Lastly, kile has a plethora of other options, including customizing what you can use to build LaTeX files and view them (DVI, PS, PDF…), as shown in this screenshot.



I have merely scratched the surface of this application, which is extremely powerful and can help anyone with their LaTeX needs. While the many options may be confusing, I think that this application is already geared towards a technically-inclined userbase and so it doesn’t matter much. kile 2.1 is still unstable but extremely promising, and I’m looking forward to its release.

14 thoughts on “Science and KDE: kile”

  1. Just to note for people who may not understand the cmake command, it is missing to periods at the end. It should look like the following:

    cmake -DCMAKE_INSTALL_PREFIX=`kde4-config –prefix` ..

    Then you can continue following the instructions.

    Yes there is TexMaker and it is actually pretty nice. I have always been a huge fan of Kile and this really excites me to see the work being done. I know a ton of non-KDE people who absolutely love Kile. Right now, I just finished updating my resume, and used vi to do it. Not even 5 minutes after completing it, I ran across this post :) Keep up the killer work, I shall be following you closely.

  2. I use ConTeXt instead of LaTeX in Kile, becaue it allows me flexibility that LaTeX just couldn’t give me.

    I sure hope Kile 2.1 will be (even) easier to tweak into the perfect ConTeXt tool! ;)

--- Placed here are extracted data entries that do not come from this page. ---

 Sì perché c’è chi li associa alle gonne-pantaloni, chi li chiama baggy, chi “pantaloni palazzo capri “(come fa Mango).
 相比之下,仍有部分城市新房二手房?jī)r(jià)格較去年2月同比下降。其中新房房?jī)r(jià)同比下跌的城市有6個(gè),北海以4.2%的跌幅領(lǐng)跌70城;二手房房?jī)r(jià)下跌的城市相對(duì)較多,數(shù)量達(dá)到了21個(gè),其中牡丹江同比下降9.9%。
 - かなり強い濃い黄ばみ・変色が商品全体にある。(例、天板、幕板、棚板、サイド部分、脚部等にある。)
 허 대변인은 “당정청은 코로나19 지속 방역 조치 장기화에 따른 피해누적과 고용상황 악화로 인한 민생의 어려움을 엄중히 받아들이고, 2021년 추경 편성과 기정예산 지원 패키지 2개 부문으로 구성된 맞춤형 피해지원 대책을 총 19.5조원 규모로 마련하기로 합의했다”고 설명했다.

  3. Actually Kile and Kaffeine are the two applications that keep me from cleaning my disk of all kde3. But it looks very good and according to svn logs command completion is very improved. As a side-note I use cb2bib to extract bibtex information from pdf articles. It really eases the pain of cataloging all new papers. You may want to take a look at it:
    Have fun!

  4. @nixternal: Whoops, thanks for noticing. I fixed the entry.
    @fullmetalcoder: A Qt4 application is not completely integrated in KDE, that is why I didn’t search for Qt equivalents like TexMakerX.

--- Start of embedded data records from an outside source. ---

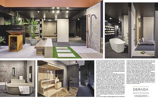 privato, tanto il professionista del settore, in particolare gli studi di architettura. Da un lato, quindi, un invito a scoprire, toccare con mano e immaginare, visionando in prima persona i pezzi ospitati nella vasta esposizione, dall’ altro la presenza di materioteche utili alla realizzazione di creativi moodboard. Un percorso poliedrico, dunque, che sa giocare con l’ emozione, orchestrando un’ esperienza sensoriale e ispirazionale al tempo stesso: spazi più accoglienti e tante nuove proposte che danno forma ai sogni di chi ama la casa. Il rinnovamento dello showroom Derada ha puntato su ambienti luminosi e percorsi espositivi dai toni neutri e monocromatici studiati per valorizzare i singoli materiali, ma anche proporre lavorazioni e ambientazioni complete, nel segno di design, qualità e innovazione. Ogni collezione è stata pensata per raccontare stili e tendenze del vivere contemporaneo: finiture che vestono le superfici e ne curano la cornice, creando il miglior biglietto da visita per ambienti da abitare e da amare. A tutto questo si aggiunge naturalmente l’ esperienza e la professionalità del team Derada guidato da Natalia Derada ed Emiliano Fermi, un’ autentica garanzia per chi cerca materiali di qualità e soluzioni innovative, oltre che consulenze tecniche ad hoc. Il claim del resto dice tutto:“ Innovativi per tradizione”. Un must per Derada che, anziché inseguire le tendenze, le precorre per vocazione. Il servizio è completo: dalla progettazione con sofisticati rendering 3d alla selezione degli articoli, fino alla posa in opera realizzata con personale specializzato, per concludere con una accurata assistenza post vendita. Sì perché per Derada ogni progetto è una storia da costruire step by step, insieme al proprio interlocutore, privato o professionista, nell’ ottica della completa customizzazione. Un processo creativo che unisce funzionalità e impatto estetico per superfici totalmente personalizzate, riflesso dell’ identità stessa del cliente. La scelta risulta amplissima grazie anche alla collaborazione con i brand più prestigiosi del settore: materiali naturali, gres porcellanato, marmo, parquet, moquette, laminati e pvc, carte da parati e superfici 3d. E, ad integrare la proposta, arredi di design, complementi e sanitari, prodotti selezionati e sempre di prima scelta per ambienti fascinosi, eleganti e intimi, studiati nel dettaglio. Ridefinire la bellezza. Per Derada, una mission, una vocazione, una firma di stile.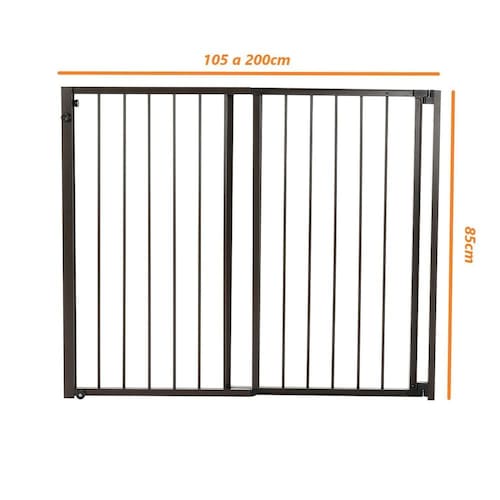 Possui 85 cm de altura e largura regulável, variando de 105 cm até 200 cm sem precisar de extensor além disso, o portão de correr reall articula 180º, ou seja, abre tanto para dentro como para fora. E o melhor: o vão é livre diferente de outros produtos no mercado, que possuem uma barra na parte inferior, o portão de correr reall tem um design exclusivo, garantindo maior segurança para sua família pois não há risco de tropeçar.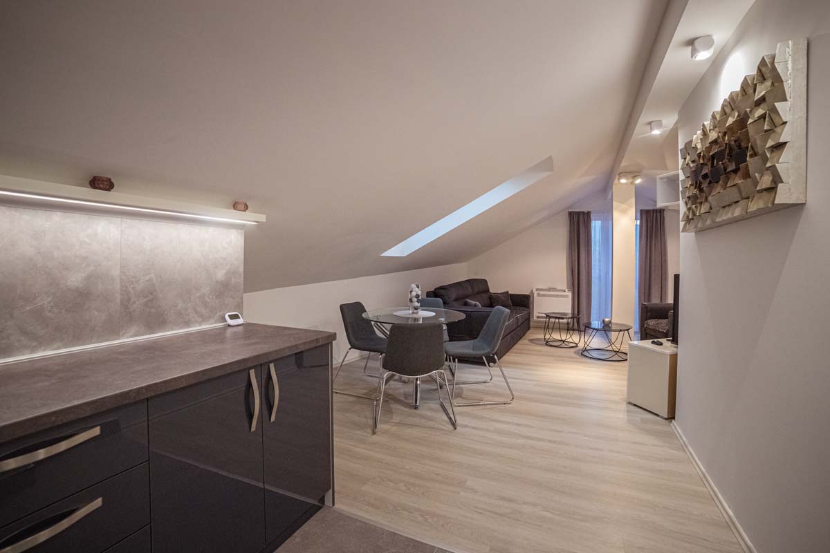 Apartment LUX 2 is located in a new residential building on the third floor, in the very center of Pirot, isolated from the city noise. The area of the apartment is 55m2 and includes a living room, a fully equipped kitchen for longer stays, a bedroom and a bathroom.
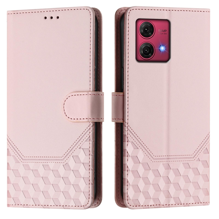 Funda de Cuero Rfid con Relieve en Panal para Motorola Moto G84 5G (Rosa)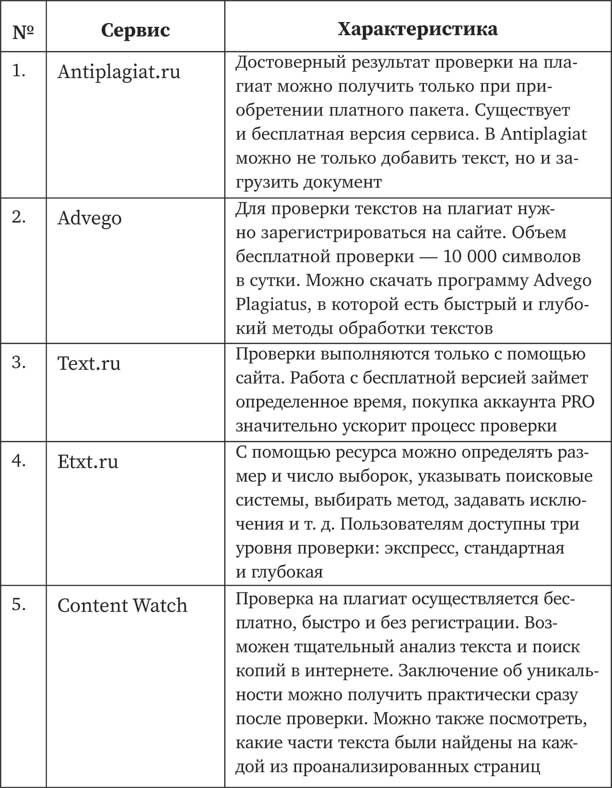 Среди бесплатных сервисов проверки выделяют text.ru, content-watch.ru, etxt.biz, advego.com.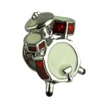 シルバー色のドラムセットデザインのラペルピンです。楽器愛好者やミュージシャンに最適なアクセサリーで、ジャケットやバッグにぴったり。おしゃれで目を引くアイテムです。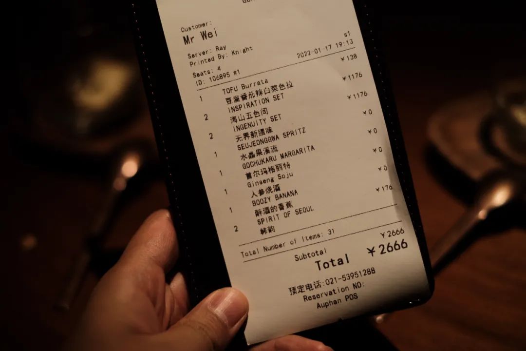 买单,四个人一共¥2666。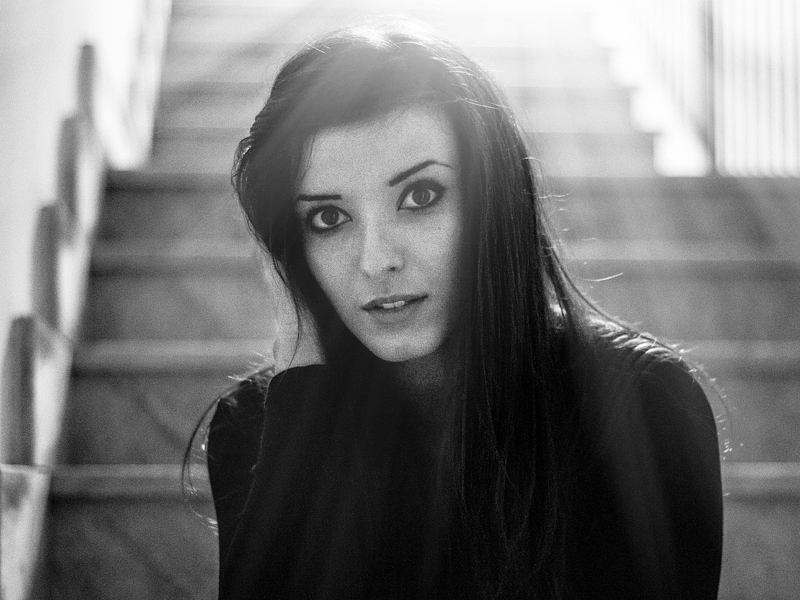Piacevole ritratto; il controluce ben si sposa con bianco e nero e grana, le piccole solarizzazioni sul viso (credo dovute al "recupero" in post) donano un effetto qusi pittorico molto ben aiutato dall'espresisone della modella

  5. It would be great if all the power of kile and LaTex was offered in a way that the reset of us mere mortals could actually understand.

    I have played around enough with it to see where it could really kick ass, but it is too difficult to master without devoting a whole month of life, which I currently don’t have. If some of these tools had a learning mode that could be disabled by more advanced users, it would really help.

    Nonetheless, I will master LaTex one day.

  6. @KDEuser — that’s essentially what LyX is. It’s a more WYSIWYG-like frontend for LaTeX. They call it `WYSIWYM’ — what you see is what you *mean*. It’s actually relatively good for exploring LaTeX’s abilities, and then you can study its LaTeX export results to figure out how to do certain things in LaTeX.

  7. A port to KDE4 isn’t worthy of a major version increment?! Does kile have to cure cancer before it can earn 3.0? :)

  8. As far as I remember, the great feature promised for the kde4 port was using the new kate-edit component that apparently does inline spell-checking.

    Now… Does it?

  9. @gromgull: In the options there’s a checkbox called “Toggle Spell-check On the Fly”, so it may be the one you’re mentioning.

  10. Hi all,

    if you use kile it is not unlikely that you are also interested in a kde program to organize your scientific literature, and in particular associated bibliographic information. I love kbibtex for this, see . Currently it is kde3, but the port to kde4 is planned for the next future.

  11. Is there any release schedule for kile 2.1? To have only one kde3 app on the computer is kind of annoying and I don’t want to switch to SVN if it’s still unstable. Loosing hours of work just because of a crashing application is more than just annoying. But I’m actually thinking about installing 2.1-svn anyway to take a look at it.

  12. @woto: I use the opensuse rpms and they are quite stable. It crashed twice on closing the program in my now week-old use of Kile 2.1.SVN, but in both cases I did not lose any data. It has some hidden new features but mainly it is now consistent with my KDE4 desktop.

    @einar: thanks for the review, it made me look for kile-kde4 (I was waiting for it!) and then I found it.